Изучение эволюции биоинформатики: раскрытие отца этой области

Биоинформатика, междисциплинарная область, объединяющая биологию, информатику и статистику, произвела революцию в биологических исследованиях и проложила путь к прорывам в геномике, открытию лекарств и персонализированной медицине. В этой статье блога мы углубимся в истоки биоинформатики и раскроем выдающийся вклад ее основателей. Кроме того, мы рассмотрим некоторые популярные методы, используемые в биоинформатике, сопровождаемые примерами кода.

Отец биоинформатики:
Когда дело доходит до определения отца биоинформатики, одно имя выделяется на первый план: доктор Маргарет Окли Дэйхофф. Доктор Дэйхофф, американский биохимик, широко известен как пионер в этой области. Она разработала первую комплексную базу данных последовательностей белков, известную как Атлас последовательности и структуры белков, которая заложила основу для последующих биоинформатических исследований.

Методы биоинформатики:

  1. Выравнивание последовательностей.
    Выравнивание последовательностей — это фундаментальный метод, используемый для сравнения и анализа биологических последовательностей, таких как ДНК, РНК и белки. Следующий код Python демонстрирует базовый пример попарного выравнивания последовательностей с использованием библиотеки Biopython:
from Bio import pairwise2
seq1 = "ACGTACGT"
seq2 = "AGTACG"
alignments = pairwise2.align.globalxx(seq1, seq2)
best_alignment = alignments[0]
print(best_alignment)
  1. Сборка генома.
    Сборка генома — это процесс реконструкции полных геномов из фрагментированных последовательностей ДНК. Одним из популярных методов сборки генома является графовый алгоритм де Брейна.
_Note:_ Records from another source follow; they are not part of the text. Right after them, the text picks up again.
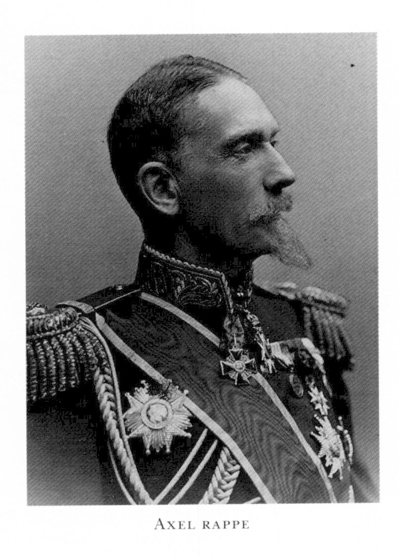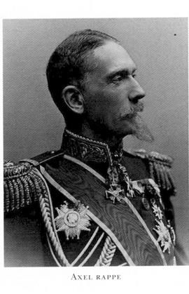 3 Rappe, Axel Emil, kusin till R 2, f 2 okt 1838 i Arby, Kalm, d 18 dec 1918 i Sthlm, Hedv El. Föräldrar: landshövdingen frih Axel Ludvig R o Lisette Emilia Augusta Björnstjerna. Elev vid Uppsala katedralskola, studentex vid UU 19 maj 57, inskr där 22 maj 57, kansliex där vt 60, underofficer vid Upplands reg 16 febr 58, officersex 5 o 8 mars 59, underlöjtn i Upplands reg 13 juli 59, vid reg 9 maj 60, elev vid H artillerilärov 63, löjtn 8 sept 63, generalstabsofficer 23 maj 65, deltog i riksdagen 1865–66, kapten i armén 29 dec 70, tjänstg vid franska armén 70–72, sekr i komm för granskn av 1875 års härordn:förslag okt 73–april 74, stabsadjutant o kapten vid Generalstaben 19 dec 73, lär i krigskonst o krigshist vid Krigshögskolan 73–79, överadjutant o major vid Generalstaben 4 dec 74, sekr i komm för granskn av förslag till övergång till ny härordn 74-mars 75, överstelöjtn o förste major vid Bohusläns reg 18 april 79, led av lantförsvarskomm juni 80–juni 82, tf chef för Bohusläns reg 4 febr 81, överste i armén 6 maj 81, överste o chef för Bohusläns reg 7 juli 82, tf chef för Generalstaben 14 juli 82, generalmajor o chef för Generalstaben 30 dec 85, led av styr för Evangeliska fosterlands-stiftelsen 87, v ordf 99, ordf där 06–18, led av komm ang granskning av inskriptionerna på arméns fanor o standar 88–april 92, av fältförvaltn- o etappreglementeskomm okt 88–91, av neutralitetskomm dec 88-maj 90, v ordf i Allm försvarsfören:s verkst utsk 90, led av komm för granskn av härordn:förslaget ("generalskomm") nov 90–mars 91, statsråd o chef för Lantförsvarsdep 22 juni 92–27 okt 99, generallöjtn i armén 2 dec 92, led av komm för besvarandet av K M:t:s frågor rörande en härorganisation enligt 1901 års sammanjämkn:förslag maj 01, general i armén 4 dec 03–23 dec 15 (i generalitetets reserv från 3 nov 05), led av utrustn:kommissionen 16 nov 05, ordf där 20 juli 06–15, ordf i komm ang trofésaml i Riddarholmskyrkan juni 06–febr 07, ombud vid allm kyrkomötena 08 o 09, led av styr för Karolinska förb från 10. – LKrVA 73 (styresman 91–92 o 09–10), HedLÖS 90, serafimerriddare 1 dec 04.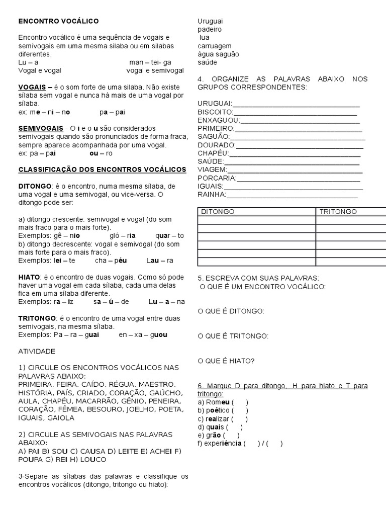 Atividades De Ditongo Tritongo E Hiato So Escola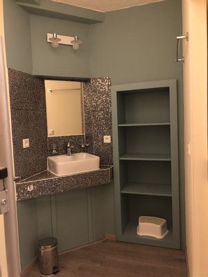 Ein elektrischer Rollladen im Erdgeschoss ermöglicht bereits eine komplette Trennung und ist von der Straße aus zugänglich. Ein gemeinsamer Eingang zum Garten ermöglicht unabhängigen Zugang zu den oberen Etagen. Mit dem Hinzufügen einer zusätzlichen Wand könnten diese beiden Etagen unabhängig werden.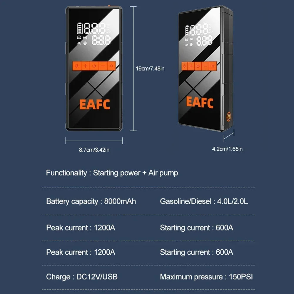 1200A Car Jump Starter 150PSI Tire Inflator 4 In 1 Multifunctional Automotive Emergency Power Power Bank Air Pump with EVA Box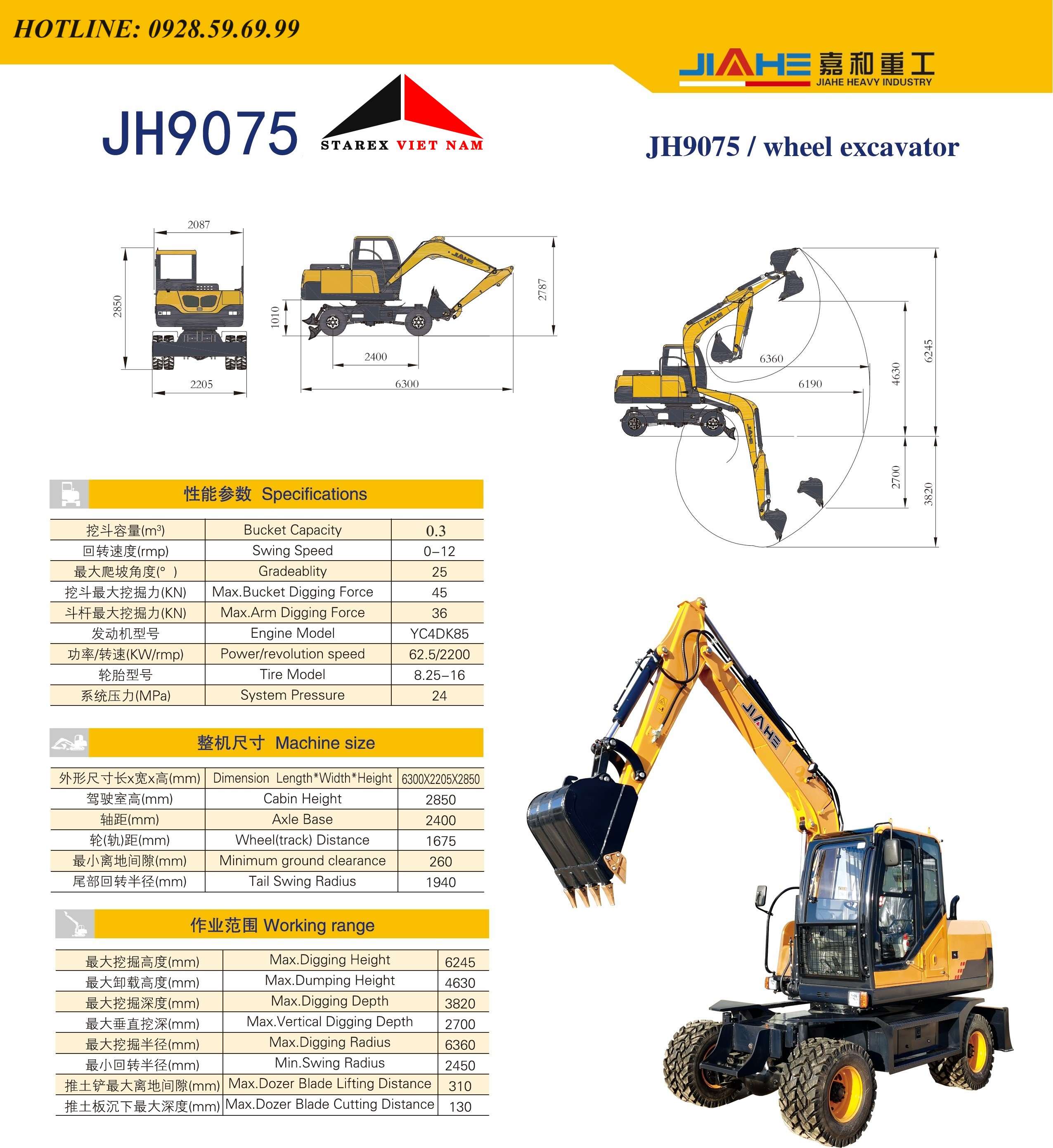 MÁY XÚC ĐÀO 03 BÁNH LỐP JIAHE JH9088 là dòng máy đào nổi tiếng Trung Quốc, với chất lượng ổn định cao, cùng rất nhiều tính năng hiện đại tích hợp trên máy. Máy được nhập khẩu nguyên chiếc, bảo hành bảo trì dài hạn, cùng chế độ hậu mãi cực tốt. Mọi thông tin chi tiết, xin vui lòng liên hệ: Hotline: 0928.59.69.99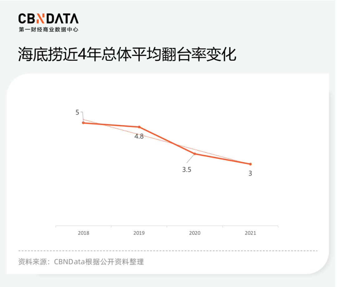 但对于海底捞来说,这次翻台率的下降就没有可以弥补的余地了。平均每天3次的翻台率,是近5年来的最低水平。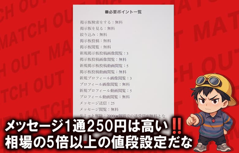 特に気になるのが、メッセージ1通で約250円かかる点だな。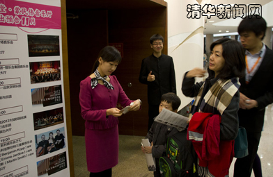 图为礼仪队队员在新清华学堂对观众进行引导服务。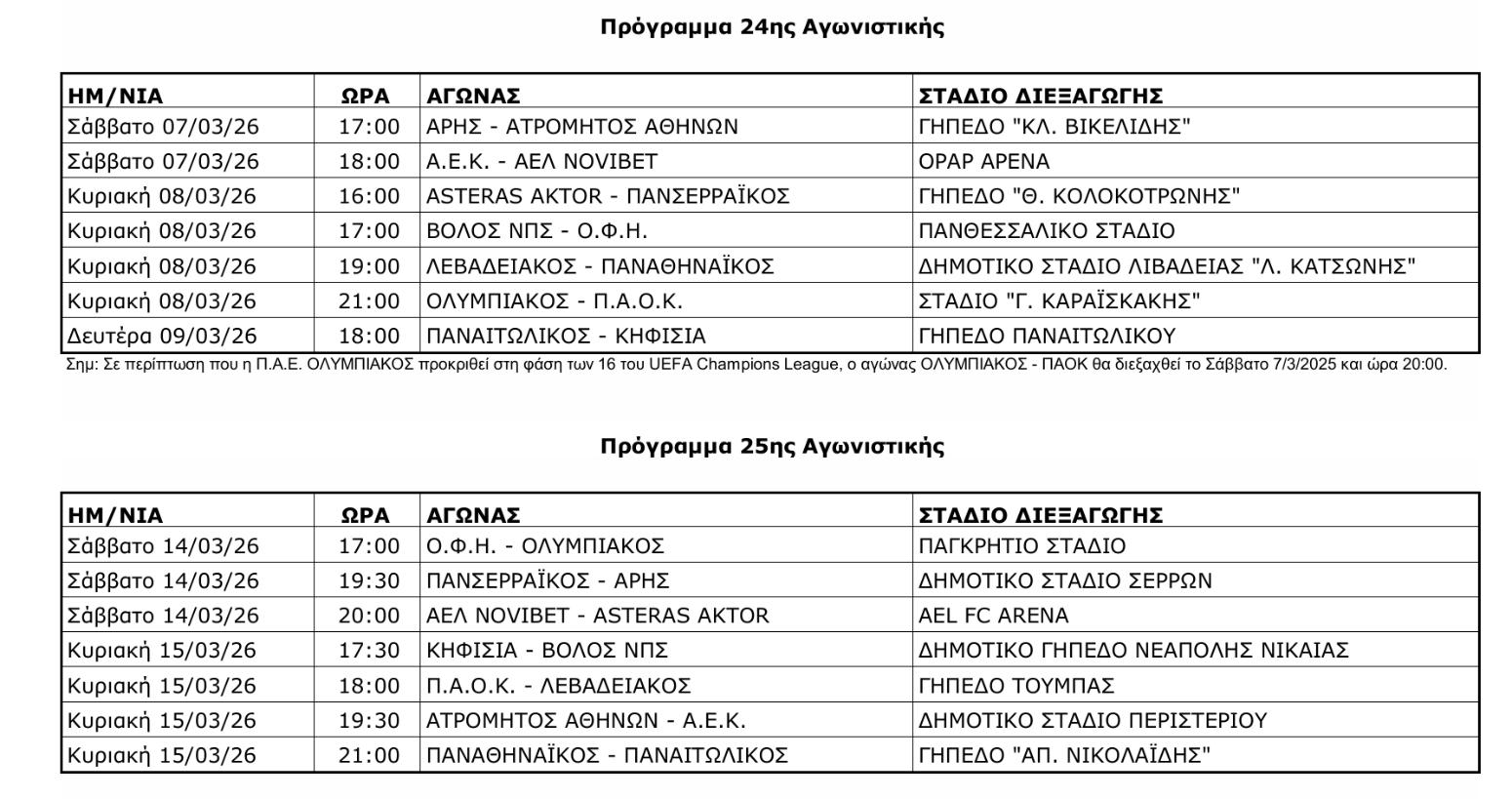 Γνωστό έγινε από την Stoiximan Super League το πρόγραμμα των αγωνιστικών που απομένουν μέχρι και το τέλος της κανονικής διάρκειας του πρωταθλήματος, δηλαδή, από την 16η μέχρι και την 26η αγωνιστική.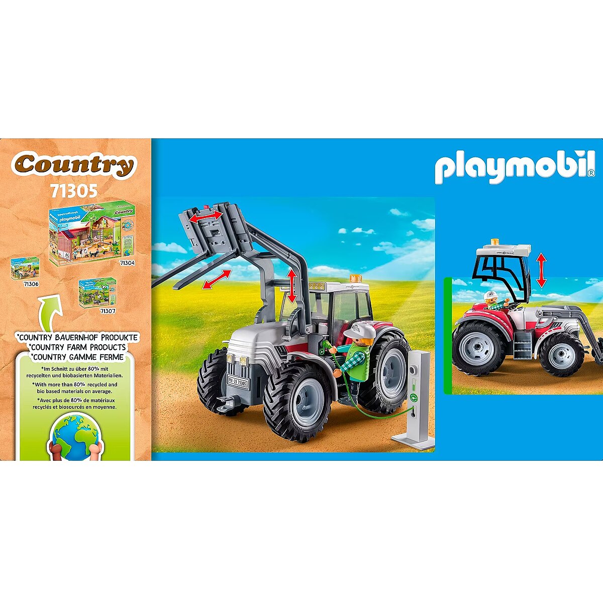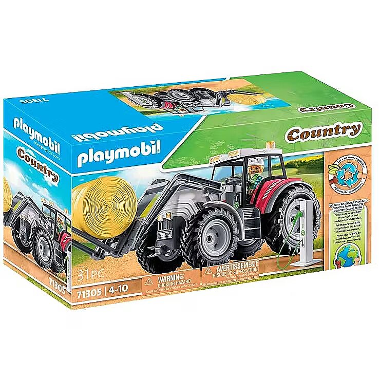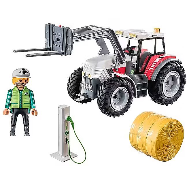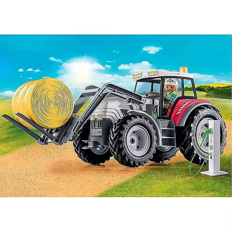 Description - The large, electric tractor with folding roof can transport heavy hay bales effortlessly. It "refuels" with new energy at the e-charging station. The cool large tractor from PLAYMOBIL has everything nature-loving children need to support the farmer's family in the field work. With the modern tractor, the heavy hay bales can be lifted and transported effortlessly, and thanks to the electric drive, it's also environmentally friendly. After work, the e-charging station can be used to "refuel" the vehicle. Makes a great birthday, holiday or any-day treat for creative kids who love agriculture. The large organic farm from PLAYMOBIL invites children aged 4 and up to discover a new side of country life. The richly detailed sets with lovely characters inspire kids to imaginative roleplay adventures and encourage a mindful use of our natural resources. The 31-piece toy set includes a PLAYMOBIL figure, a tractor with a folding roof and movable forklift plate, as well as an electric charging station and other great extras. Our step towards a more sustainable future In the future, our new logo will identify all of our products that are made from an average of more than 80% sustainable materials. These are composed of recycled and bio-based plastics. Foil bags made from 100% recycled plastics are used for packaging. Shipping, retail packaging, and building instructions, are made from almost 100% recycled cardboard or recycled paper.
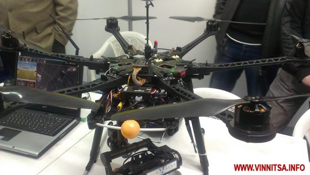 Свої розробки тут експонують і вінницькі інженери, які розробили унікальні безпілотники (гексакоптери), що можуть бути незамінними помічниками для бійців АТО.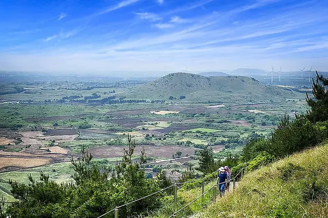 경사가 심하지 않아 천천히 올라가도 넉넉히 1시간 정도면 정상에 닿을 수 있으며, 오름 전체가 주변 풍경을 360도로 조망할 수 있게 되어 있다. 정상에 올라 내려다보면, 유채꽃으로 물든 평야부터 푸른 해안선까지 봄의 제주가 한눈에 펼쳐진다.

Вот упрощенный фрагмент кода на Python с использованием библиотеки pyscaffold:
from pyscaffold import Assembler
reads = ["ATG", "GCA", "TGC", "CAT"]
kmer_length = 2
assembler = Assembler(kmer_length)
assembled_genome = assembler.assemble(reads)
print(assembled_genome)
  1. Анализ экспрессии генов.
    Анализ экспрессии генов включает изучение закономерностей и уровней активности генов в различных биологических образцах. Следующий код демонстрирует вычисление кратности изменения — распространенного показателя, используемого при анализе экспрессии генов, с использованием библиотеки numpy:
import numpy as np
control_samples = [1, 2, 3, 4]
treatment_samples = [5, 6, 7, 8]
fold_change = np.mean(treatment_samples) / np.mean(control_samples)
print(fold_change)

Биоинформатика обязана своим существованием и прогрессом вкладу таких блестящих ученых, как доктор Маргарет Окли Дейхофф, которые заложили основу для этой захватывающей области. Мы также исследовали некоторые важные методы биоинформатики, включая выравнивание последовательностей, сборку генома и анализ экспрессии генов, с сопроводительными примерами кода. Поскольку биоинформатика продолжает развиваться, она обещает открыть новые открытия и продвинуться в нашем понимании жизни и болезней.